A panel called 'Textures' lets you customize several options related to generating and exporting the offset and/or normal VATs.

• Max Width: Maximum allowed texture width. Exceeding this may cancel the bake due to an excess of vertices or frames
• Max Height: Maximum allowed texture height. Exceeding this may cancel the bake due to an excess of vertices or frames
• Power of Two: Force textures to be power-of-two sizes. Not recommended, as non-power-of-two textures ensure tight packing and are widely supported. May lead to overflow issues when vertices exceed the image width, resulting in multiple rows per frame. Extra space handling can be controlled with the 'Stack Mode' option
• Square: Force texture width and height to be equal if 'Power of Two' is enabled. Typically unnecessary, but provided as an option for specific use cases. Extra space handling can be controlled with the 'Stack Mode' option
• Stack Mode: Control how frames are arranged in the texture when there’s extra space (underflow) or not enough space (overflow). Underflow occurs when the number of vertices per frame is less than the image width, causing gaps at the end of the line ('Power of Two' might cause this). Overflow happens when there are too many vertices for a single line, and the data is spread across multiple lines, possibly leaving gaps. This setting determines how to handle these empty spaces
• Offsets: Enable to bake the vertex offset texture
  • Offsets|Tex Mode: Select the positional data to store in the texture: offset (recommended) or local position
  • Offsets|Filename: Name for the vertex offset texture file (without the .exr extension)
  • Offsets|Remap: Enable to remap the offsets within a [0:1] range. This requires a multiplier and bias to remap the offsets in your shader or game engine. It is NOT recommended unless you intend to experiment with storing positions/offsets in 8-bit RGBA textures, as this will likely result in significant precision loss and visible deformation. Proceed at your own risk
• Normals: Enable to bake the vertex normal texture
  • Normals|Filename: Name for the vertex normal texture file (without the .exr extension)
  • Normals|Remap: Enable to remap the normals within a [0:1] range.
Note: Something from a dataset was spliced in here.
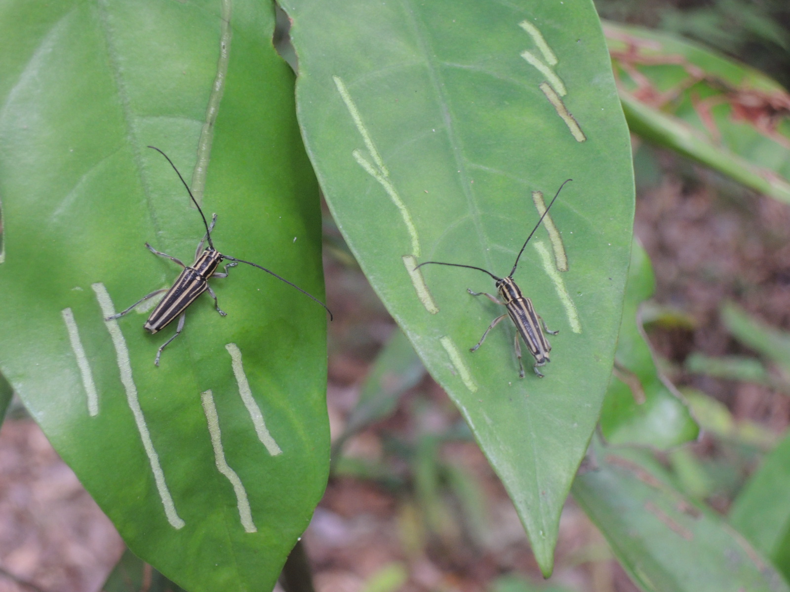 林床でひっそりと出現していたスジシロカミキリ(2014.5.7)

This requires a constant bias to remap the normals in your shader or game engine. It is likely safe to do so, as normal VAT may be stored in an 8-bit RGBA texture without noticeable precision loss
• Export: Enable to export the generated textures to an EXR file upon bake completion
  • Export|Path: Texture file path, excluding the file name. The path is relative to the Blender file if saved, or absolute otherwise
    • Export|Advanced|Override: Enable to override any existing .exr file

A panel called 'XML' lets you customize the export options for the XML file.

• Export: Enable to export an XML file containing information about the bake process (recommended)
  • Export|Mode: Select how the XML file name and path are generated
    • Mesh Path: Use the same FBX file name and path for the XML file. Defaults to 'Custom' if mesh is not exported
    • Custom Path: Specify a custom XML file name and path
  • Export|Filename: Name for the exported XML file (without the .xml extension)
  • Export|Path: Path for the exported XML file, excluding the file name. The path is relative to the Blender file if saved, or absolute otherwise
  • Export|Override: Enable to override any existing .xml file

As the name implies, the 'Mesh Sequence' bake mode assumes that the vertex animation will be derived from a list of meshes, with the frame count determined by the number of meshes.
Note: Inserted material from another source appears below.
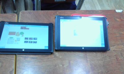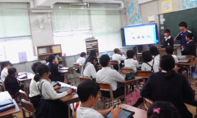 都道府県の名物や人口などを調べて、タブレットでそれぞれ作成し、発表しました。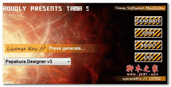 6、打开注册机,产品选择Pepakura Designer(通用),点击【Generate】生成一组注册信息,如下图:

This technique only supports the baking of a single mesh, as selecting multiple objects will be used to construct the mesh sequence. Object names will be used to alphabetically sort the meshes and order the frame list.

The second bake mode, called 'Animation,' allows you to bake vertex animation textures from animation data. Whether the mesh is keyframed, animated using an armature modifier, or deformed by shape keys, it doesn't matter. You simply need to specify a start and end frame—or let the tool automatically decide, if possible—and the bake should perfectly capture the movement of the vertices you see when scrubbing the timeline within that range.
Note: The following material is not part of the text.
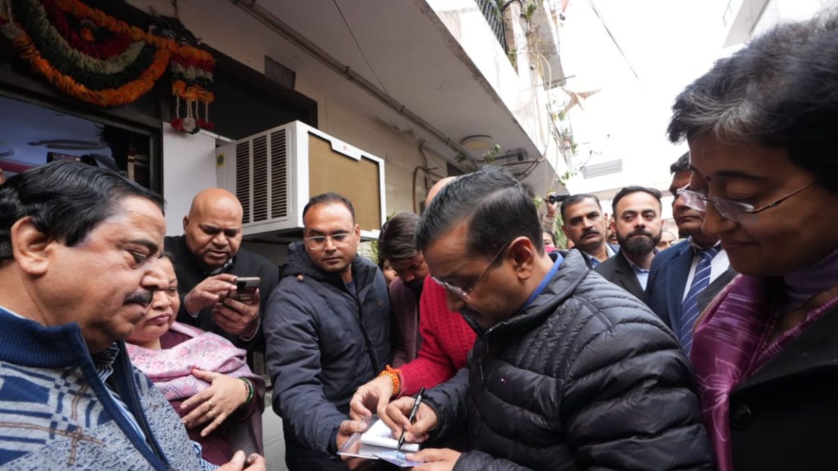 जंगपुरा में संजीवनी योजना के रजिस्ट्रेशन कराते आप संयोजक अरविंद केजरीवाल।

Baking multiple objects at once is supported and will result in a single unified mesh.

Selecting this mode will reveal an additional panel called 'Frames', where you can customize how the frame range and reference frame are set.

• The NLA mode allows the tool to automatically derive the animation range based on the NLA tracks of the selected objects.
• The Scene mode uses the scene’s current frame settings: start, end, and step.
• The Custom mode lets you specify a custom animation range and step.

Not much needs to be said about the Scene and Custom modes, but the NLA mode offers additional features and comes with extra constraints.

When using the NLA mode, objects must meet certain constraints to be included in the bake. They must either:

• Have an NLA track
• Be parented to an object with an NLA track
• Have an armature modifier that points to an armature with an NLA track

Needless to say, the NLA track must contain NLA strips.

The NLA mode also allows you to add padding in between clips. It also allows you to specify a list of NLA clips to exclude when determining the frame range. This can be useful when using the retargeting feature (more on that further below) and needing to provide a single-frame T-Pose clip as the reference pose, a clip that would otherwise need to be excluded from the bake.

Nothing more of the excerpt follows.